-- GIVEN DATA --
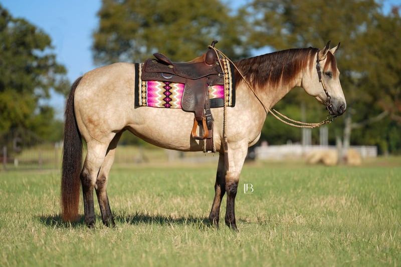 🎄𝐓𝐇𝐄 𝑯𝒐𝒍𝒊𝒅𝒂𝒚 𝐂𝐋𝐀𝐒𝐒𝐈𝐂🎄 Happening now thru MONDAY | DECEMBER 15th - Available EXCLUSIVELY on HorseBid's website! For more details and to register visit: www.Horsebid.com CONSIGNOR CONTACT: LB Equine Sales, LLC 214-449-8028 LOCATION: Terrell, TX BREED: AQHA REGISTERED: Yes REGISTERED NAME: Hook Line and Sinker COLOR: Buckskin HEIGHT: 15.2 AGE: 8 GENDER: Mare Hello, gorgeous! Sylvie is here to sprinkle holiday magic your way! This dreamy dappled buckskin mare is picture-perfect — think Barbie elegance with real-world rideability (and comfort -no less). Her kind baby doll face draws you straight in and stops you right in your tracks—substance, poise, presence, a kind eye, and effortless beauty all in one complete package. Channeling all the old lady energy right over here– (she requests: cookies, peppermints, shoulder/belly scratches, and the full princess treatment!!). By ‘VS Flatline’ and out of a foundation mare, this 15.2H, 2017, AQHA registered mare is the type that never goes out of style! By VS Flatline, a Million Dollar sire himself, 5x All American Quarter Horse Congress Champion, AQHA World Champion, NSBA World Champion! Sylvie floats across the ground, is fancy-broke, and gentle as they come. Comfortable, easy, predictable, and fun to ride – Sylvie can go western and english. She has a lovely pitter patter jog and will step up into a ground covering extended trot. Her canter is LOVELY – like riding in the world’s softest rocking chair. Sylvie will take care of her rider. She is light, soft, and responsive in her aids. She loves to work for you and is a huge people pleaser. She has been used for basic ranch chores AND has been lightly pasture roped off of! She walks right through the water confidently, crosses bridges, great with traffic/cars weaving around her, good with dogs, and has been used on cattle a bit. Sylvie has never offered to buck, rear, or bolt. Stands great for the farrier, cross ties, clips, easy to catch, loads/backs out, not quirky or stand off-ish on the ground, she is right in your pocket and ADORES attention/scratches/grooming. Sylvie is kind and is not “mare-ish” or sassy which I appreciate in a mare. She has been taken on numerous trail rides and been shown at the local ranch riding series. Ride her, breed her, or do both- she is a solid investment! You are guaranteed to own one of the prettiest mares in the barn. 100% sound, no maintenance, no vices, never injected, zero navicular or feet issues! Sylvie is an easy keeper and happy to be up in the barn (corner pooper) or turned out with friends. Sylvie has a recent PPE on file – with a full set of x rays ready to send for your vet to review. Current coggins, recently dewormed, vaccinated, and teeth floated in November by an equine dentist. All records meticulously kept on this mare. AQHA/ NSBA papers and bill of sale paperwork is in order, ready to transfer, and will be signed between buyer and seller at the end of the sale. Wears a size 78-80” blanket and is slick coated, she has been under lights since September. She is 5 panel negative per her papers. Shipping available nation-wide.
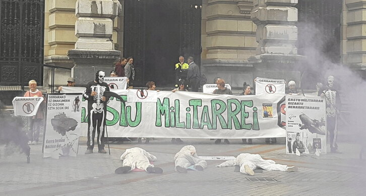Gerraren Kontrako Emakumeen Nazioarteko Egunaren karietara, Kakitzat koordinakunde antimilitaristak eta Argitan emakumeentzako aholkularitza-zentroak protesta egin zuten atzo, Bilbon, «beharrezkoak ez diren» gastu militarrak behar sozialetara eta, bereziki, «emakumeek egunero pairatzen dituzten» arazoetara bideratu daitezela exijitzeko. Ukrainako gerraren aurrean Europar Batasuneko estatuek hartutako jarrera gerrazalearekin gastu militarra izugarri handitu da, eta, aldiz, arazo sozial ugarik behar besteko inbertsiorik gabe jarraitzen dute.
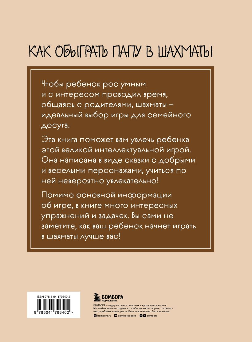Эта книга поможет вам увлечь ребенка этой великой интеллектуальной игрой. Она написана в виде сказки с добрыми и веселыми персонажами, учиться по ней невероятно увлекательно! Это настоящее приключение! Помимо основной информации об игре, в книге много интересных упражнений и задачек. Вы сами не заметите, как ваш ребенок начнет играть в шахматы лучше вас!

-- EXERCISE DIRECTIONS --
Repeat the material exactly. Any picture in it should be dropped.

-- ANSWER FOR THE TASK --
 🎄𝐓𝐇𝐄 𝑯𝒐𝒍𝒊𝒅𝒂𝒚 𝐂𝐋𝐀𝐒𝐒𝐈𝐂🎄 Happening now thru MONDAY | DECEMBER 15th - Available EXCLUSIVELY on HorseBid's website! For more details and to register visit: www.Horsebid.com CONSIGNOR CONTACT: LB Equine Sales, LLC 214-449-8028 LOCATION: Terrell, TX BREED: AQHA REGISTERED: Yes REGISTERED NAME: Hook Line and Sinker COLOR: Buckskin HEIGHT: 15.2 AGE: 8 GENDER: Mare Hello, gorgeous! Sylvie is here to sprinkle holiday magic your way! This dreamy dappled buckskin mare is picture-perfect — think Barbie elegance with real-world rideability (and comfort -no less). Her kind baby doll face draws you straight in and stops you right in your tracks—substance, poise, presence, a kind eye, and effortless beauty all in one complete package. Channeling all the old lady energy right over here– (she requests: cookies, peppermints, shoulder/belly scratches, and the full princess treatment!!). By ‘VS Flatline’ and out of a foundation mare, this 15.2H, 2017, AQHA registered mare is the type that never goes out of style! By VS Flatline, a Million Dollar sire himself, 5x All American Quarter Horse Congress Champion, AQHA World Champion, NSBA World Champion! Sylvie floats across the ground, is fancy-broke, and gentle as they come. Comfortable, easy, predictable, and fun to ride – Sylvie can go western and english. She has a lovely pitter patter jog and will step up into a ground covering extended trot. Her canter is LOVELY – like riding in the world’s softest rocking chair. Sylvie will take care of her rider. She is light, soft, and responsive in her aids. She loves to work for you and is a huge people pleaser. She has been used for basic ranch chores AND has been lightly pasture roped off of! She walks right through the water confidently, crosses bridges, great with traffic/cars weaving around her, good with dogs, and has been used on cattle a bit. Sylvie has never offered to buck, rear, or bolt. Stands great for the farrier, cross ties, clips, easy to catch, loads/backs out, not quirky or stand off-ish on the ground, she is right in your pocket and ADORES attention/scratches/grooming. Sylvie is kind and is not “mare-ish” or sassy which I appreciate in a mare. She has been taken on numerous trail rides and been shown at the local ranch riding series. Ride her, breed her, or do both- she is a solid investment! You are guaranteed to own one of the prettiest mares in the barn. 100% sound, no maintenance, no vices, never injected, zero navicular or feet issues! Sylvie is an easy keeper and happy to be up in the barn (corner pooper) or turned out with friends. Sylvie has a recent PPE on file – with a full set of x rays ready to send for your vet to review. Current coggins, recently dewormed, vaccinated, and teeth floated in November by an equine dentist. All records meticulously kept on this mare. AQHA/ NSBA papers and bill of sale paperwork is in order, ready to transfer, and will be signed between buyer and seller at the end of the sale. Wears a size 78-80” blanket and is slick coated, she has been under lights since September. She is 5 panel negative per her papers. Shipping available nation-wide.
Gerraren Kontrako Emakumeen Nazioarteko Egunaren karietara, Kakitzat koordinakunde antimilitaristak eta Argitan emakumeentzako aholkularitza-zentroak protesta egin zuten atzo, Bilbon, «beharrezkoak ez diren» gastu militarrak behar sozialetara eta, bereziki, «emakumeek egunero pairatzen dituzten» arazoetara bideratu daitezela exijitzeko. Ukrainako gerraren aurrean Europar Batasuneko estatuek hartutako jarrera gerrazalearekin gastu militarra izugarri handitu da, eta, aldiz, arazo sozial ugarik behar besteko inbertsiorik gabe jarraitzen dute.
Эта книга поможет вам увлечь ребенка этой великой интеллектуальной игрой. Она написана в виде сказки с добрыми и веселыми персонажами, учиться по ней невероятно увлекательно! Это настоящее приключение! Помимо основной информации об игре, в книге много интересных упражнений и задачек. Вы сами не заметите, как ваш ребенок начнет играть в шахматы лучше вас!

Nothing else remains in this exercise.